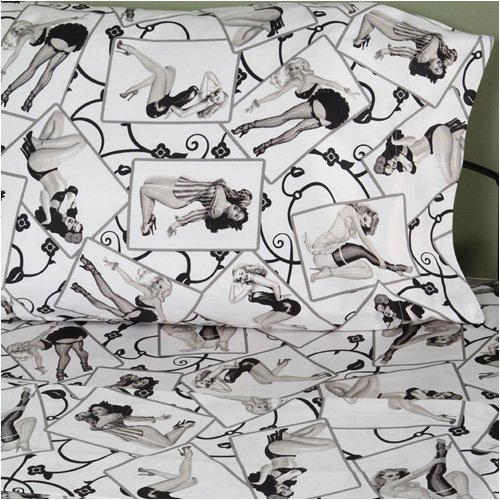 Cheap Sin in Linen Wish You Were Here Black and White Pinup Print Comforter 100% Cotton Sateen 300 Thread Count, Full/Queen Review
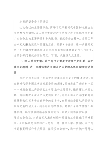 落实。X同志将代表市纪委常委会作工作报告,各级各部门要抓好贯彻落实。下面,我强调几点意见。一、深入学习贯彻习近平总书记重要讲话和中央纪委、省纪委全会精神,进一步增强推进全面从严治党的思想自觉和行动自觉习近平总书记在十九届中央纪委二次全会上的重要讲话,站在新时代党和国家事业发展全局的
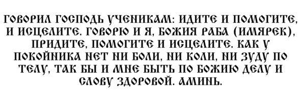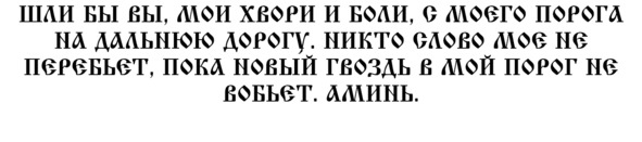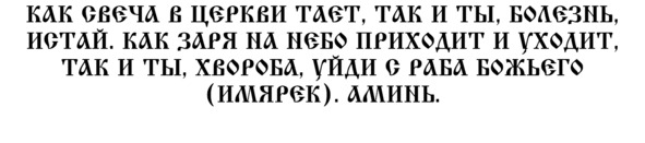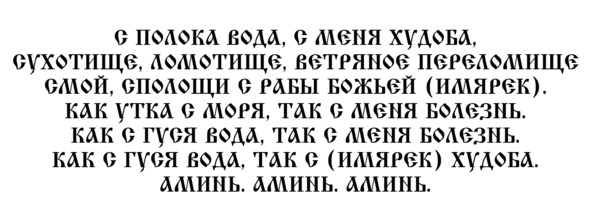 Эти слова следует произнести во время мытья в бане или ванной, на последнем этапе обливания водой. Повторяйте их трижды, каждый раз подразумевая желание излечиться и восстановить полное здоровье.
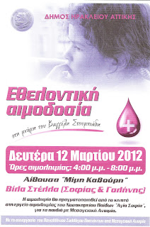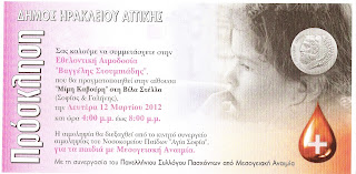 Στην αίθουσα της Αιμοδοσίας θα βρίσκονται και μέλει του συλλόγου των Παιδιών με Μεσογειακή Αναιμία
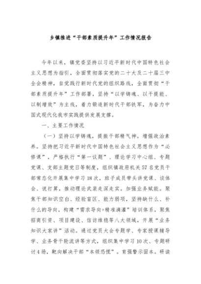 / 【七哥公文】2025年:乡镇推进“干部素质提升年”工作情况报告+更多免费公文+VX:QiGeGongWen2024
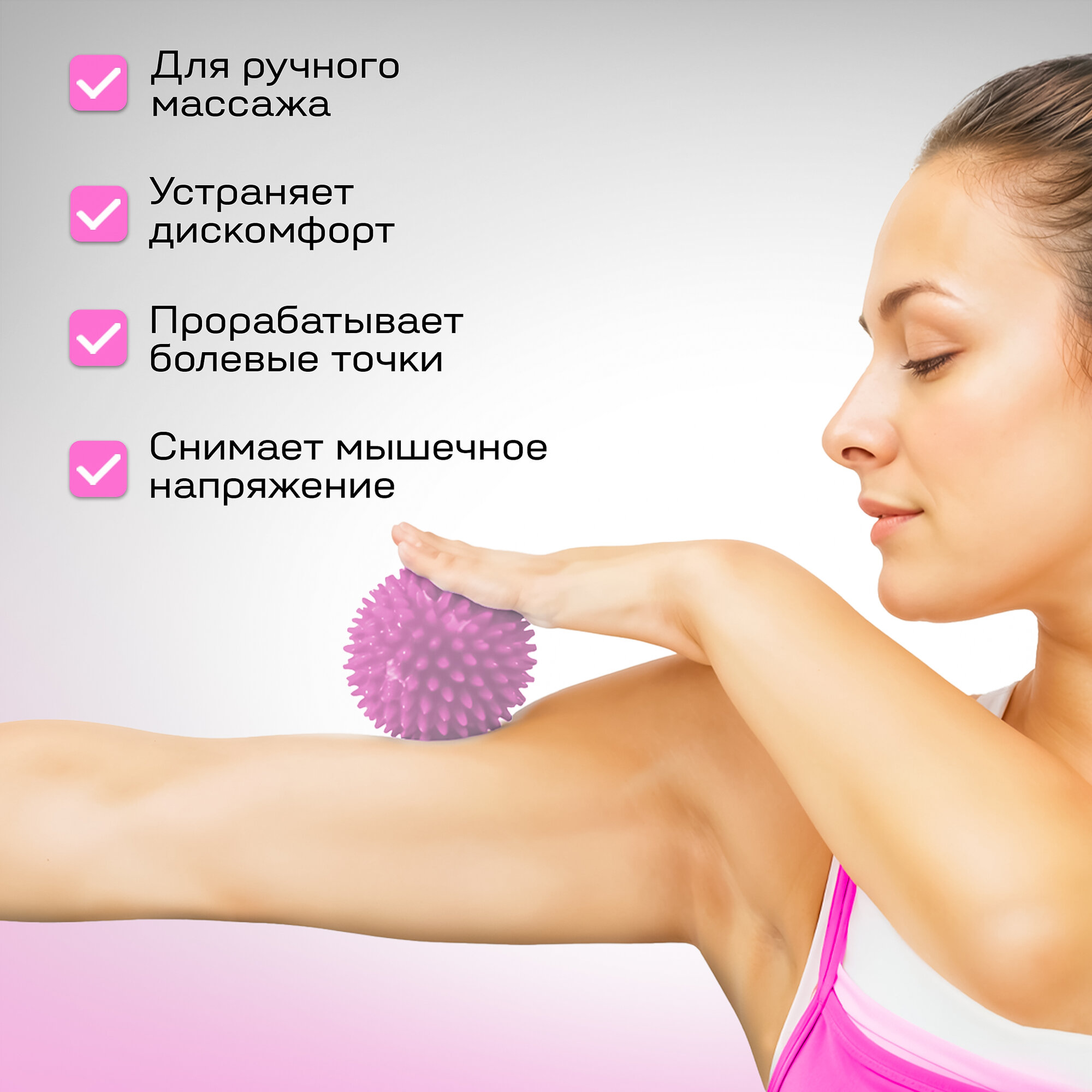 Отзывы на Мяч-шар массажный с шипами, ежик жесткий для фитнеса, йоги, пилатеса и МФР, Ø 7 см, розовый
* * *
Reproduce, unchanged, each line between the one with "落实。X同志将代表市纪委常委" and the last line of the material, both included; the pictures do not go in.

Solution for this task ▸
 落实。X同志将代表市纪委常委会作工作报告,各级各部门要抓好贯彻落实。下面,我强调几点意见。一、深入学习贯彻习近平总书记重要讲话和中央纪委、省纪委全会精神,进一步增强推进全面从严治党的思想自觉和行动自觉习近平总书记在十九届中央纪委二次全会上的重要讲话,站在新时代党和国家事业发展全局的
 Эти слова следует произнести во время мытья в бане или ванной, на последнем этапе обливания водой. Повторяйте их трижды, каждый раз подразумевая желание излечиться и восстановить полное здоровье.
 Στην αίθουσα της Αιμοδοσίας θα βρίσκονται και μέλει του συλλόγου των Παιδιών με Μεσογειακή Αναιμία
 / 【七哥公文】2025年:乡镇推进“干部素质提升年”工作情况报告+更多免费公文+VX:QiGeGongWen2024
 Отзывы на Мяч-шар массажный с шипами, ежик жесткий для фитнеса, йоги, пилатеса и МФР, Ø 7 см, розовый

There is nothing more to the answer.